His hand is too small to enclose all the signs of the world in words. But I have three books in the car to teach me how to understand a deaf child; I just need to make time to read them.
Having kicked and tossed under the duvet every night since I collected him from kindergarten over ten days ago, the boy sleeps to dawn without stirring.
I’m also tired. A deep depression looms over the country and I am lying in its eye, while the outside world remains enveloped in a mist.
There is some movement in the corridor; I even think I hear a faint knock on the door. A drowsy numbness starts to spread across my forehead and then descends to my cheeks. Bit by bit, I feel the day fading, odours and sounds evaporate. I sense the world withdrawing behind a thick woollen blanket with brown squares, as the flow of honey-sweetened hot milk trickles through my veins. Someone is holding me tightly. I have a vivid feminine dream and feel the mountain towering over me.
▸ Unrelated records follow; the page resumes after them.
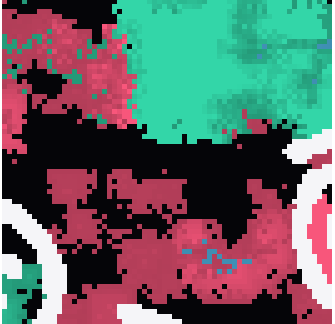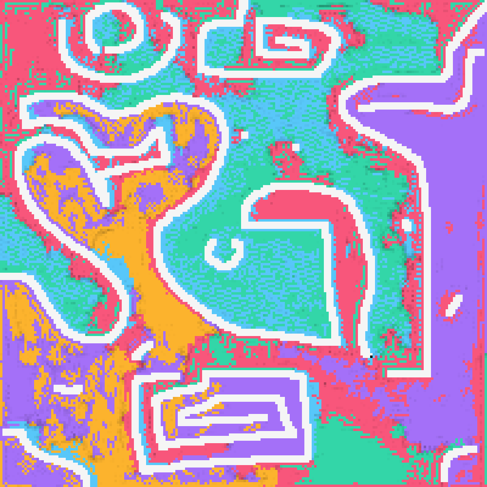 At τ=0.1 (the GUI slider labelled "Sharpness"), the inter-species softmax is nearly one-hot. Small fluctuations determine the per-cell winner on each step, and that winner flips the next step as the losing species' gradients catch up. The result is a persistent flicker-mixing attractor: every pixel flickers between species on every step, yet the system as a whole is stable.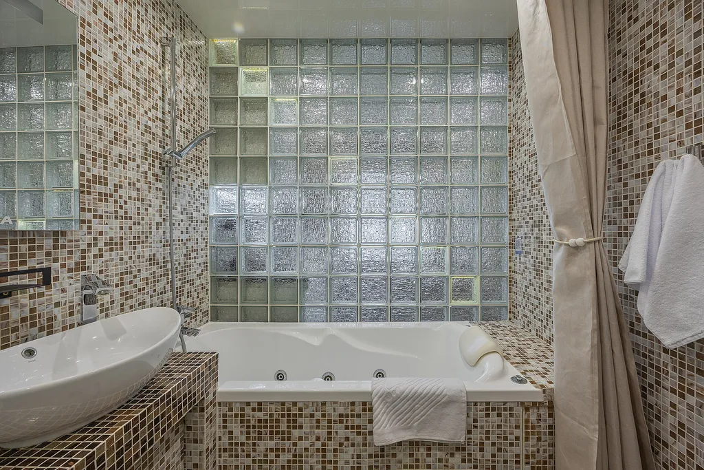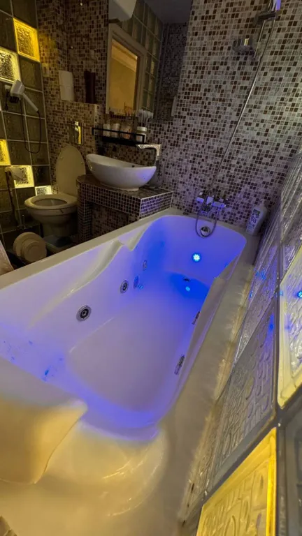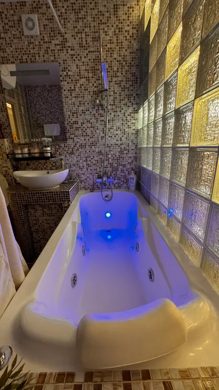 — ванная комната с джакузи, мягкими полотенцами и феном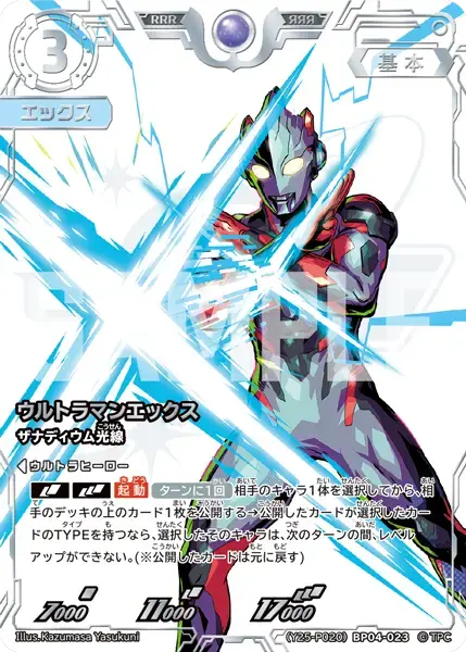 | [DBL][TRP][起動](ターンに1回)相手のキャラ1体を選択してから、相手のデッキの上のカード1枚を公開する→公開したカードが選択したカードのTYPEを持つなら、選択したそのキャラは、次のターンの間、レベルアップができない。(※公開したカードは元に戻す) | ||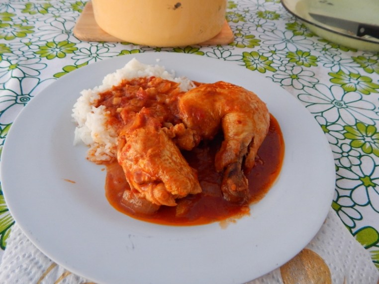 In Botswana schmeckte vor allem das Hühnchenfleisch. Hier mal mit roter Sauce.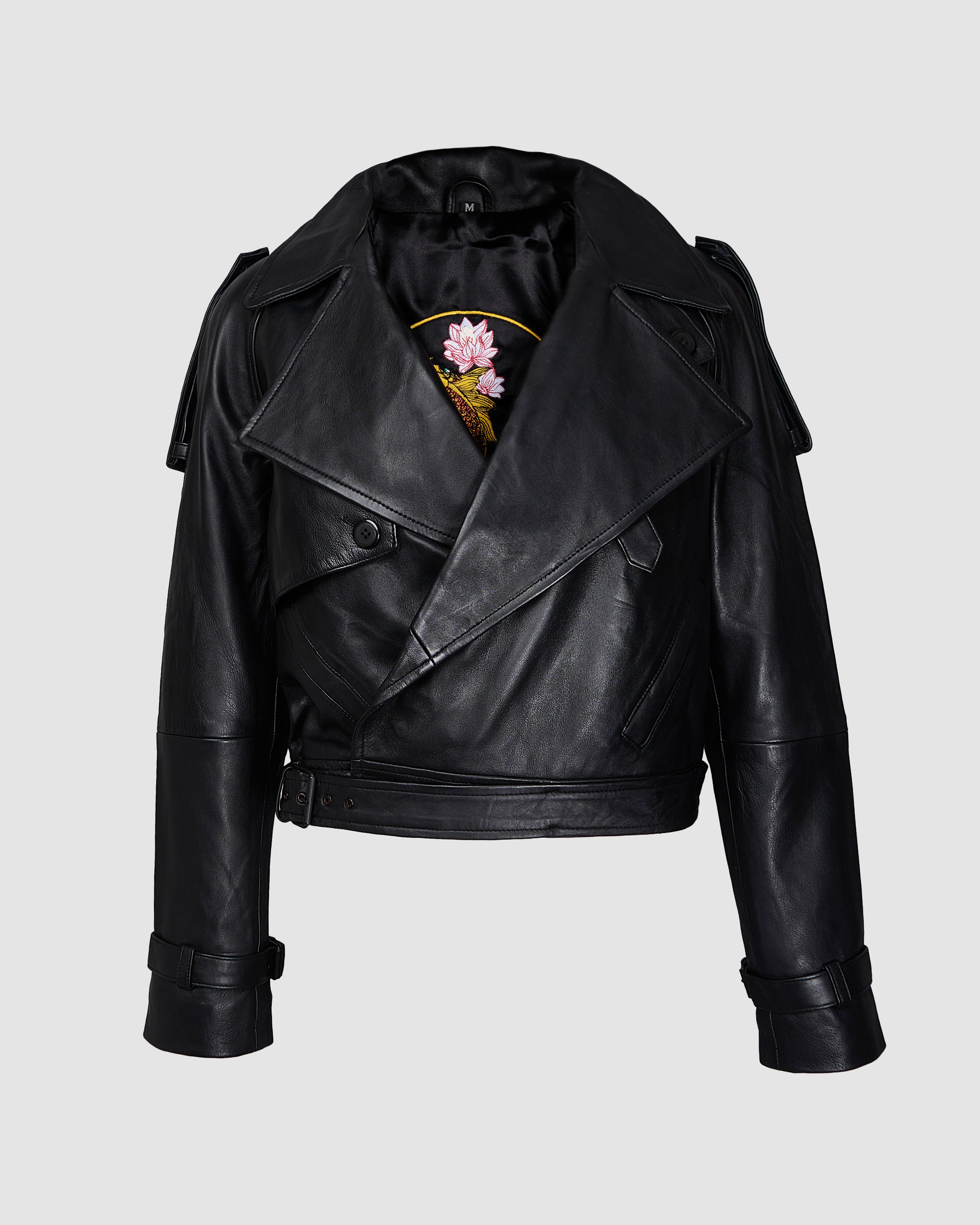Composición: 100% cuero de ovino traído de Turquía, forro de seda 100% bordado, botones plateado brillante con lienzo tipo cinturón removible. Chaqueta corta.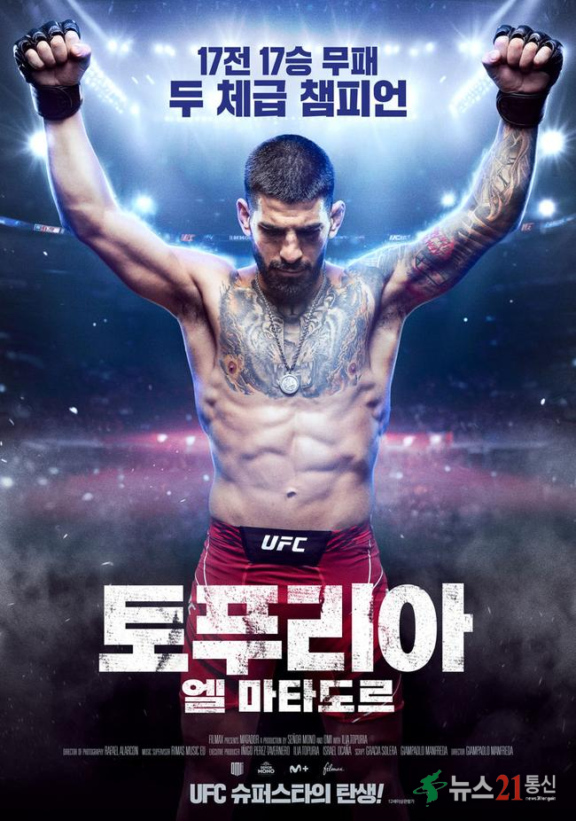 공개된 메인 포스터는 옥타곤 위에서 카리스마를 뿜어내는 토푸리아의 모습과 함께 ‘17전 17승 무패, 두 체급 챔피언’이라는 문구로 팬들의 눈길을 사로잡는다. 함께 공개된 예고편은 “처음 시작했을 땐 UFC에 간다는 건 거의 불가능한 일이었어요”라는 솔직한 고백에서 시작해, 세계 챔피언 타이틀전을 향한 치열한 순간들을 생생히 담아내며 관객의 가슴을 뜨겁게 울린다.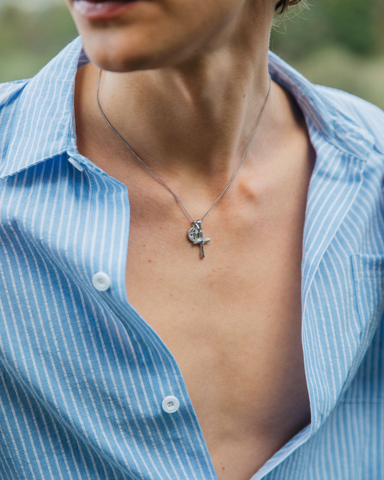 The antique you found hiding in your 19th century apartment. Featuring two cross pendants - their energy tells their story.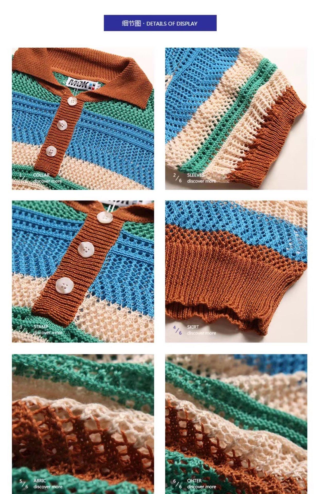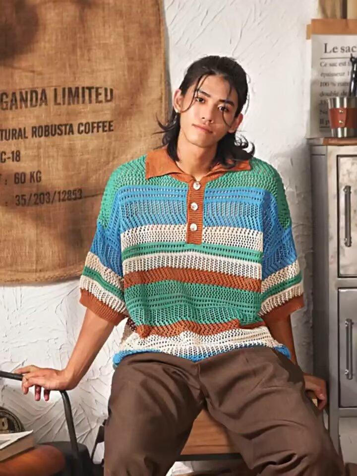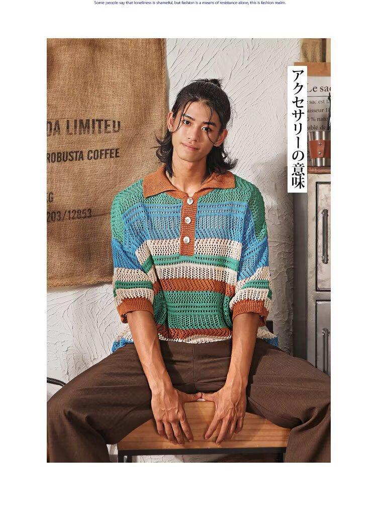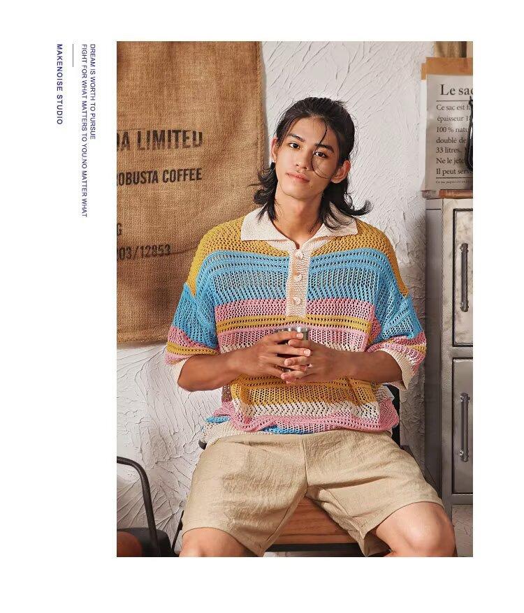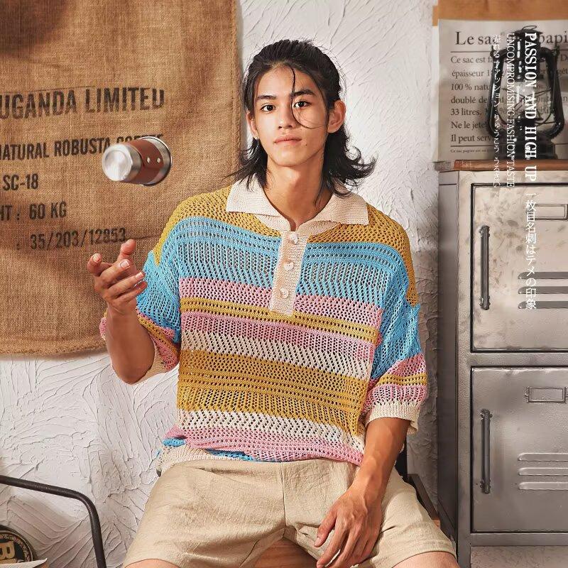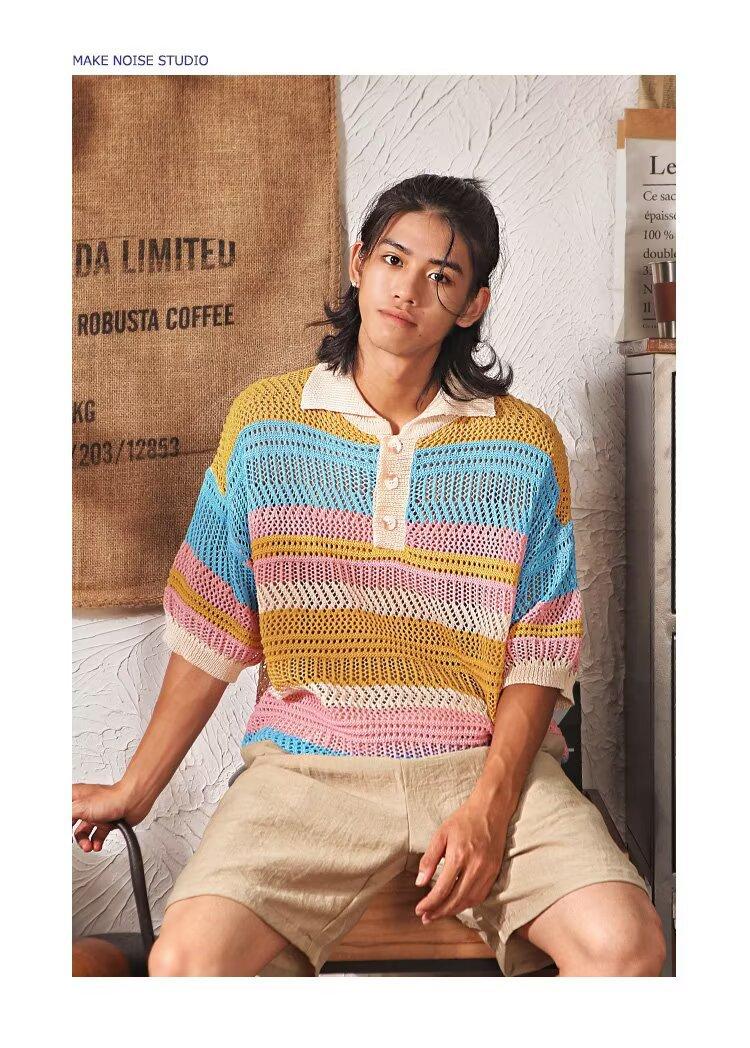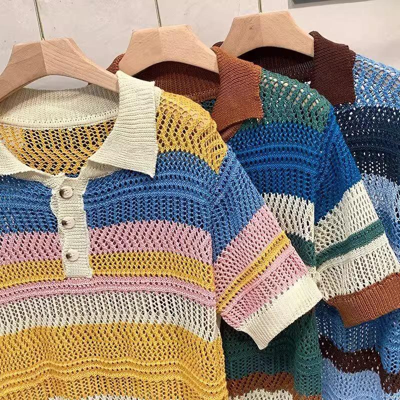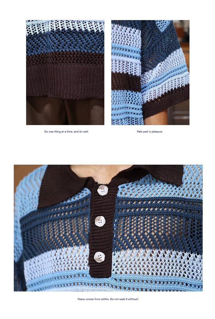 Verano nuevo suéter de manga corta para hombre calado a rayas retro camisa POLO negocios marea alta comercio exterior transfronterizo al por mayor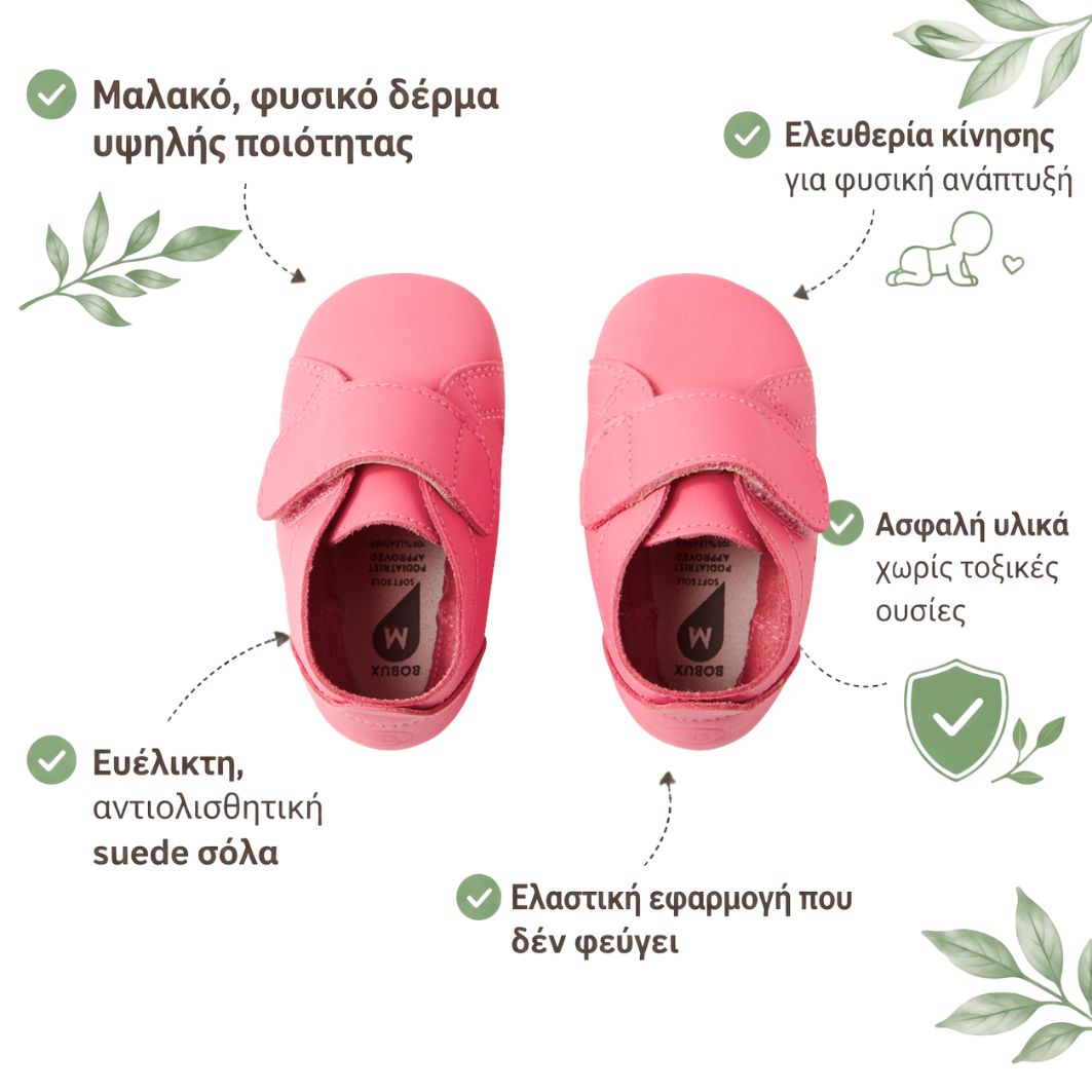 Τα Bobux Soft Sole είναι σχεδιασμένα για τα πρώτα στάδια ζωής του μωρού, προσφέροντας ελευθερία κίνησης και φυσική ανάπτυξη. Το μαλακό δέρμα και η ευέλικτη κατασκευή επιτρέπουν στο ποδαράκι να κινείται φυσικά, χωρίς περιορισμούς.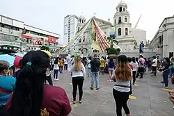 Devotees of the Black Nazarene observe social distancing as they attend Mass in front of Quiapo Church in Manila, Philippines on July 1, 2022.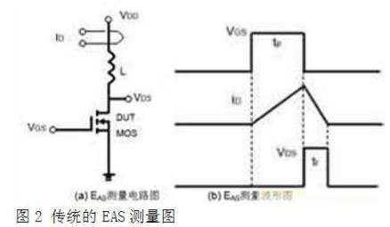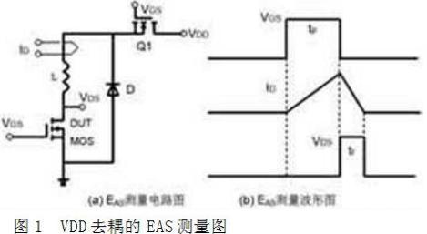 過去,傳統(tǒng)的測量EAS的電路圖和波形如圖2所示。注意到,VDS最后的電壓沒有降到0,而是VDD,也就是有部分的能量沒有轉(zhuǎn)換到雪崩能量中。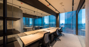 Всего в этом премиальном коворкинге 22 кабинета (друг на друга не похожих), расположенных на площади 650 кв. м в башне «Федерация». Также есть опен-спейс на 6 рабочих мест (это для проектных команд и командированных сотрудников). Каждый кабинет закрывается на цифровой ключ, при этом можно арендовать мини-сейф и локер. Перегородки из двойного стекла покрыты матирующей пленкой.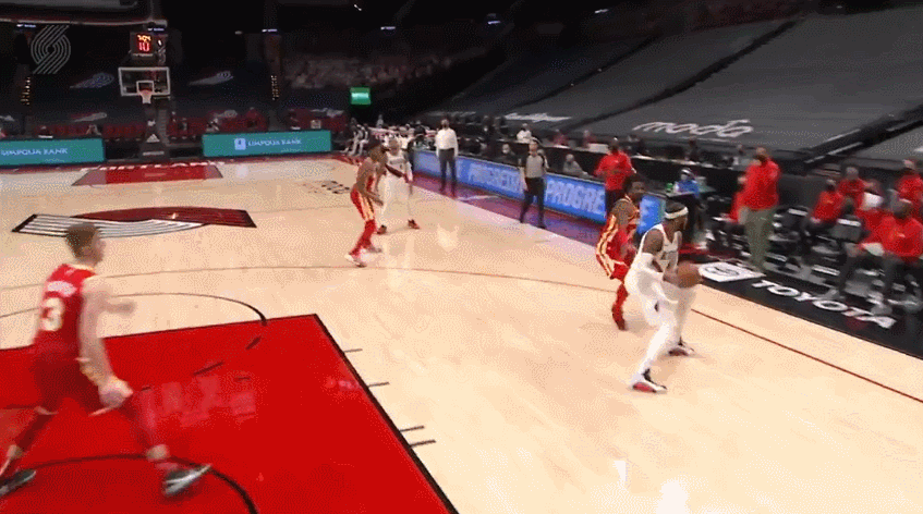 比赛期间,开拓者前锋卡梅罗-安东尼完成了一记漂亮的单打得分。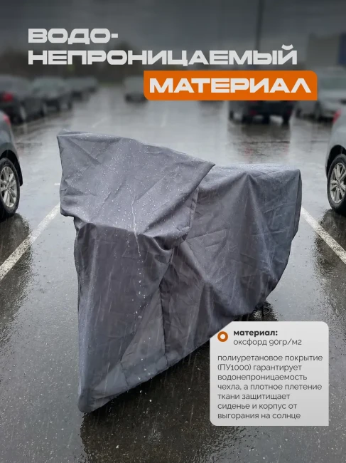 Для сохранения внешнего вида вашего транспорта этот чехол для велосипеда электро станет лучшим помощником. Изделие изготовлено из прочного материала Oxford 210 PU1000 плотностью 90 г/м². Материал чехла имеет высокие водоотталкивающие свойства (выдерживает давление водяного столба до 1000 мм), а плотное плетение ткани защищает сиденье и корпус от выгорания на солнце. Это отличный водонепроницаемый чехол для велосипеда на шнуре с фиксатором, так как шнурок по низу позволяет надежно зафиксировать изделие даже в ветреную погоду.

When I wake up later to see if the little, dead still body beside me is still breathing, I feel as if someone were quietly closing the bedroom door behind me, but I’m too exhausted to tear myself away from my dream and get out of bed. Although I feel no need to lock the car at night, I do distinctly remember having locked the bedroom door. Granny never locked the little blue house on the seashore when she went south, not even when she spent five months recovering in the geriatric ward of the local clinic one winter. I don’t even remember there ever having been a key to the house. It was open to anyone, always full of all kinds of guests, ministers, men out of jail or stone-collectors from around the globe—they sat all together at the kitchen table eating layered tart with jam.
Once, during my last summer in the east, I was kissed on the guest mattress in the attic, without knowing by what cousin. It was almost as if nothing had happened. I barely felt it, but nevertheless knew that it was inappropriate. The following morning I wasn’t quite sure and couldn’t remember which of the two brothers had slept on the left side. I felt no change except that, for the first time, I asked Grandad to serve me coffee and Icelandic pancakes instead of porridge. After that Granny decided out of the blue that we were too big for the guests’ mattress. On the first night I slept alone in the living room, I dreamt I was wearing a half-knit white woollen cardigan with brass buttons.